Goa continues to mine illegally

By Mayabhushan Nagvenkar
Published: Monday 31 August 2009

A polluted waterbody near Bicholim mining site (Credit: Mayabhushan Nagvenkar) State government report stops short of taking action

a government inspection of 48 mines in Goa found 35 of them operating without a lease. Some of them did not have mandatory clearances. A committee chaired by the state's chief conservator of forests in a recent report highlighted the extent of illegalities in the state's Rs 6,000-crore mining industry. The opposition bjp alleged the committee did not take action despite chief minister Digambar Kamat's directive to stop illegal mining on the spot.
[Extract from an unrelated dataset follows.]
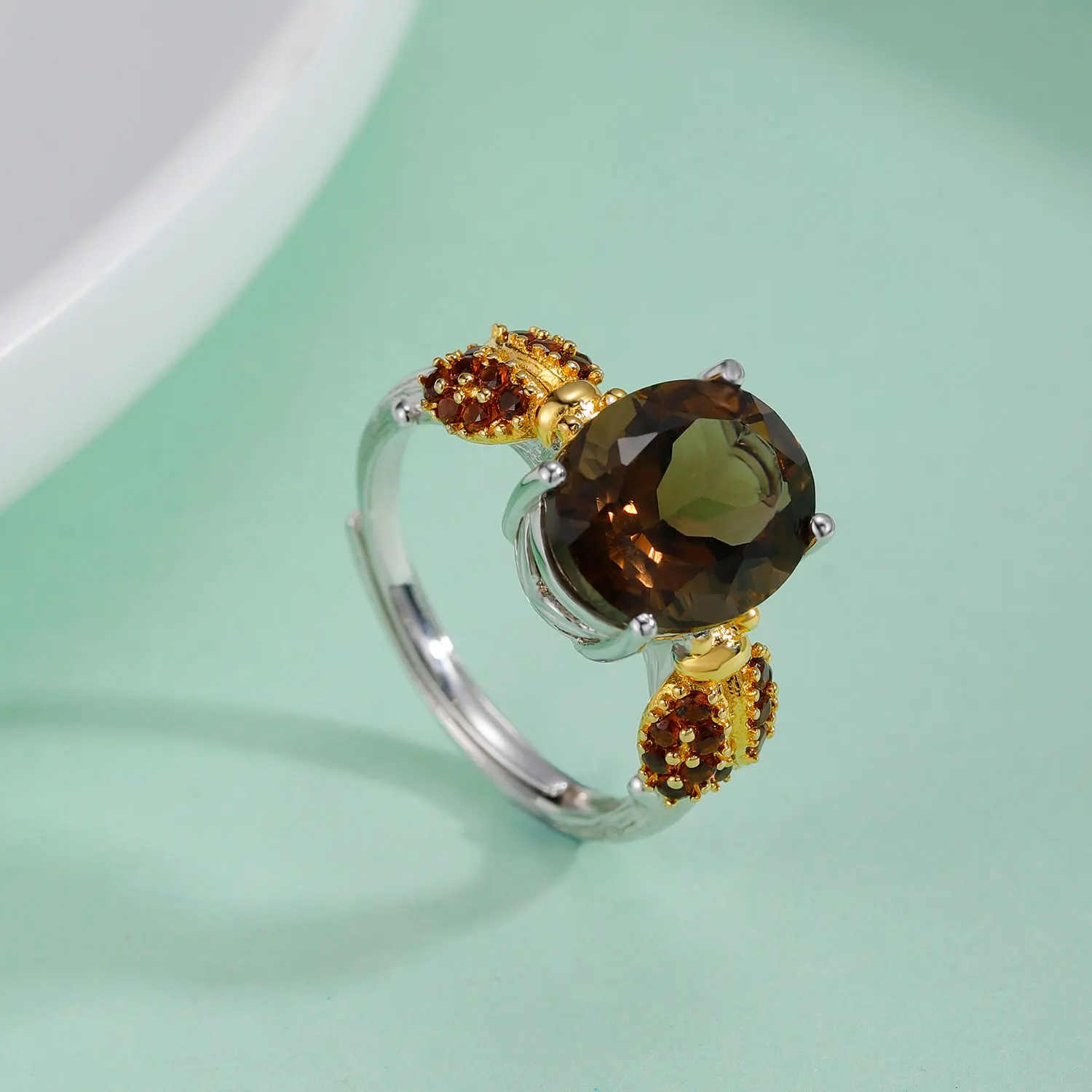 Кольцо женское из серебра 925 пробы, с натуральным дымчатым кварцем

The report blew the lid off companies that work without requisite clearances or renewals. These include heavy weight mining companies such as Sesa Goa Ltd, Salgaonkar and Brothers, and V S Dempo. Sesa Goa's lease at Advalpale in Bicholim expired in 2007, the report said. The other two mining giants' leases at Quella in North Goa and Sanguem also expired in 2007. The companies, however, continued to extract ore.
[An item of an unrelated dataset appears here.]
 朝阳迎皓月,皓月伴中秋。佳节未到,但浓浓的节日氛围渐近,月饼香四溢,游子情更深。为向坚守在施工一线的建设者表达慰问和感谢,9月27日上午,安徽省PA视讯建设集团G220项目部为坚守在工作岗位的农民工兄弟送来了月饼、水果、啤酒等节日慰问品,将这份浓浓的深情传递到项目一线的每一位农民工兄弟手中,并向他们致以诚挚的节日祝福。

Mining 60 metres from the Netravali Wildlife Sanctuary in South Goa also serves as an example. The forest department had refused licence renewal in 1991 in "the interest of wildlife management".

But work was on in full swing on about 75 hectares of the mining area, the report said. "Fresh excavations for...development work to open up mine were observed in the portion of a hillock. A number of trees were also found to have been logged."

Shashi Kumar, chair of the investigating committee, recommended a notice to the owner, Kunda Gharse of Anvalimola Conserapeda Mines, for mining illegally and chopping trees without the government's approval. Several mines, the report added, operate near the Bhagwan Mahaveer Wildlife Sanctuary in South Goa.

Why no action taken
Leader of opposition Manohar Parrikar said the report would make little difference. "The chief conservator of forests heads the forest department. In several cases, the mines do not have clearances from the department itself and yet the conservator has recommended cases to the department," Parrikar said. "He should have acted against illegal miners on the spot. The report is a faade." The director of mines, on the committee panel, could have acted immediately, he added. "One department will pass the buck to the other and illegal mining will continue." But the chief minister said the report made it clear the state government was committed to end illegal mining in Goa. "We are not giving new mining leases in the entire Western Ghats," Kamat said.

The committee was formed in the face of sustained pressure from non-profits and the opposition. They accused the Congress-led alliance of shielding illegal mining. Currently, about 100 mining tracts are leased for extraction of manganese, iron and bauxite ore, which is exported mostly to China and Japan. Illegal mining generates 18 per cent of the revenue.